Man tapping unrefined cooking oil streaming from a tanker that overturned in the middle of the road at Kikopey, Nakuru. November 2021. [Kipsang Joseph, Standard]

Late last year, while on a visit to the village, I met our MCA. He is a pleasant guy. Polished, reserved and somewhat shy not the usual noisy, rumbustious character common with the village politician.

Even on this day, he spoke less. With the count of his fingers, he enumerated the completed projects, those he listed as Work in Progress and those that would be done before “the next tranche of disbursement from the Treasury” and asked me if I had anything in mind that needed his attention.

Besides promising to get the road that I use, ‘murramed’ he added that with those funds, a new bridge would be put on the river crossing down the road.

When we went back in December, lo and behold, the road had been fixed and there was a new bridge across the river.
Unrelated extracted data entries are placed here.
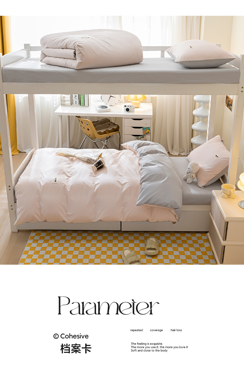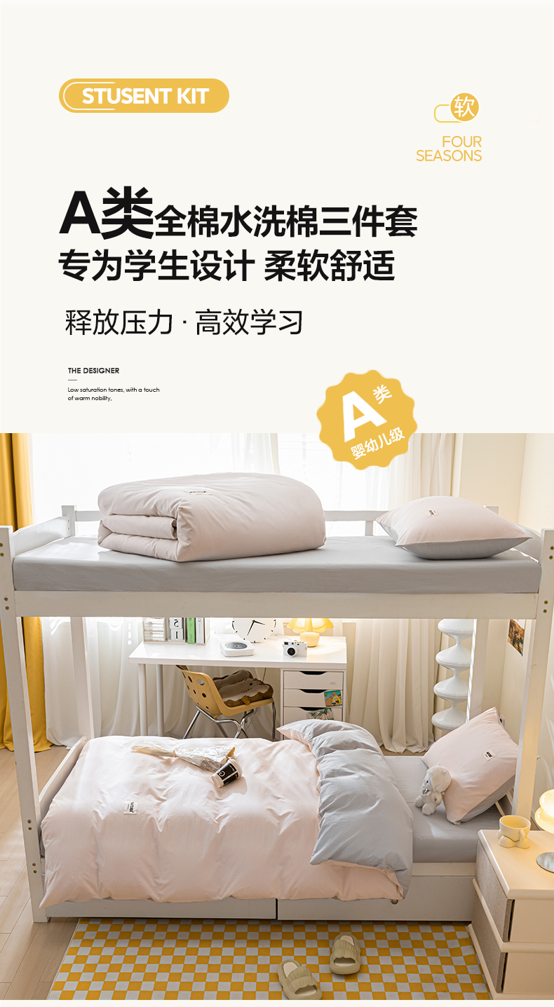 佳汐蓝家纺 2025新款A类全棉水洗棉学生三件套 贴标-奶油粉+山灰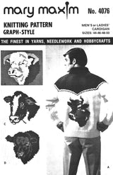Knit this cardigan with our vintage, graph-style pattern for the cowpokes in your family. Graph pattern includes raglan sleeve instructions and choice of three collar styles: shawl, windbreaker, or flat. Jersey, Holstein, Hereford, and Angus graph designs are also included. The original project was made with Mary Maxim Northland or Titan yarn, which had 80 yards per skein. We have a wonderful selection of bulky-weight yarns to choose from, including Mary Maxim Titan! Keep in mind yardages vary. Materials List: MC Sz 44-46 (10 skeins), Sz 48-50 (12 skeins). All Sizes: CC1 (5 skeins), CC3, CC4, CC5 and CC6(1 skein each). CC2 Size 44-46 (6 skeins), Sz 48-50 (7 skeins). Also requires knitting needles size U.S. 6 (4.25 mm) and 9 (5.50 mm). Fits sizes 44-46-48-50—Intermediate knit. Round up yourself a herd of cow cardigans for the whole family! Also available in sizes 32-36 and 38-44.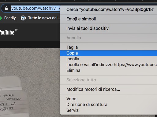 Se non sai come copiare un URL, guarda l'immagine seguente (è riferita a YouTube, ma il procedimento non cambia). Vai nella barra in alto del browser, dove c'è l'indirizzo di PornHub, cliccaci sopra col tasto destro del mouse e, nella finestra che compare, clicca sulla voce COPIA.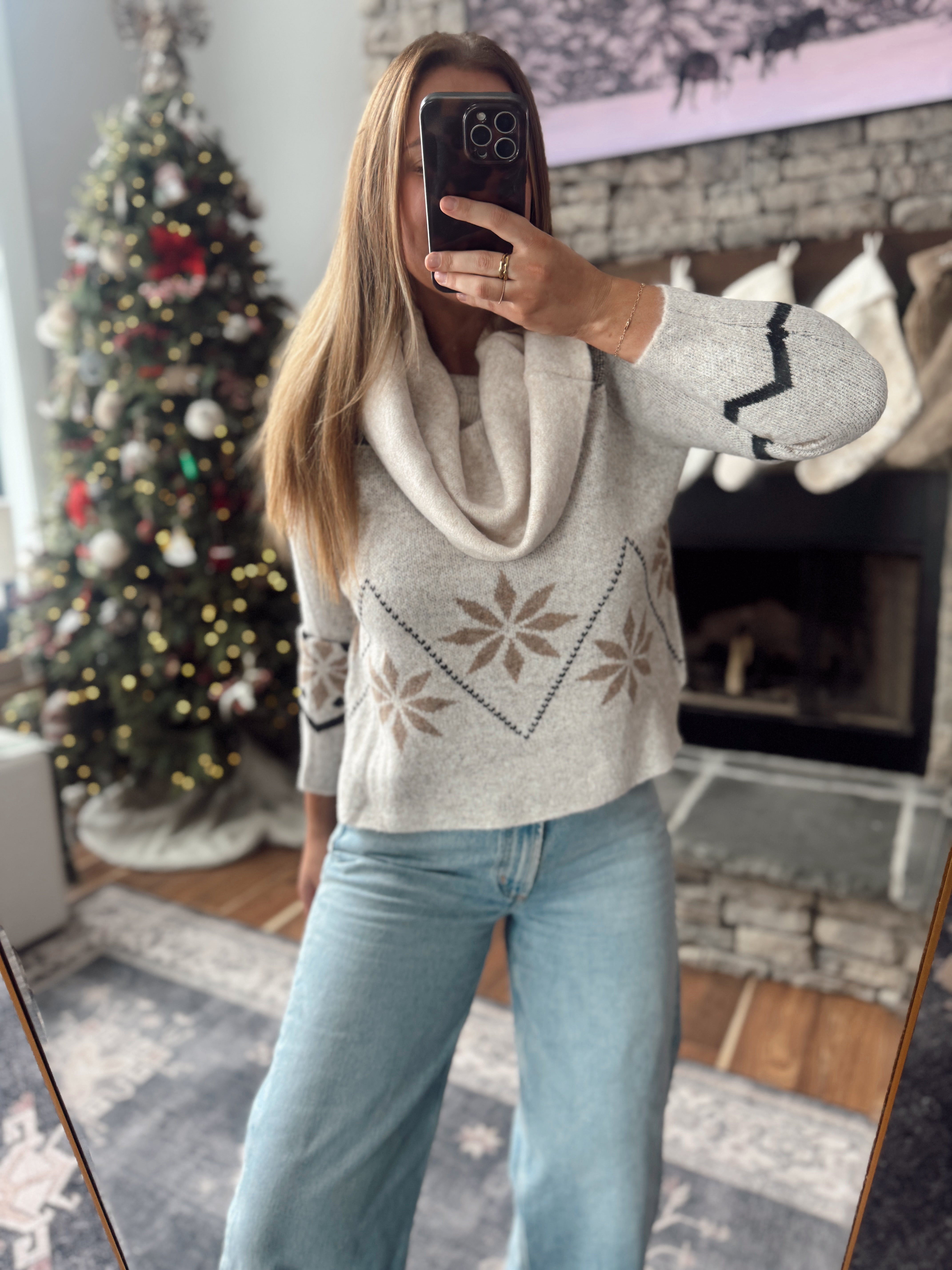 Oatmeal Nordic Shawl Collar Sweater

Now, that is a fresh breath of air.

As the campaigns heat up, I wonder about the frenzy of presidential campaigns when in effect, the person closest to me is the MCA. In my case, I view the MCA as a consequent leader no less significant than the president or the MP.

Make no mistake, I for sure understand the consequential and weighty work of the country’s chief executive. But as far as having a first-hand experience of how leaders change the prospects of a community, the MCA trumps them all.

The MCA is the new bulldozer of development. If devolution was a revolution, then the MCAs are the agents and the cause of the revolution. Small by small, MCAs are changing the rural setup.

The MCAs’ effort is doing little but by no means less significant transformation in health, education, agriculture, transport, water and sanitation, waste management, housing issues.

Here’s why; they are on the ground. Because of this, the MCAs are accountable. Once elected, the MP leaves the constituency; buys a house in the city and ships his family out of the village and unless overly committed, most never show up until the next elections with old promises.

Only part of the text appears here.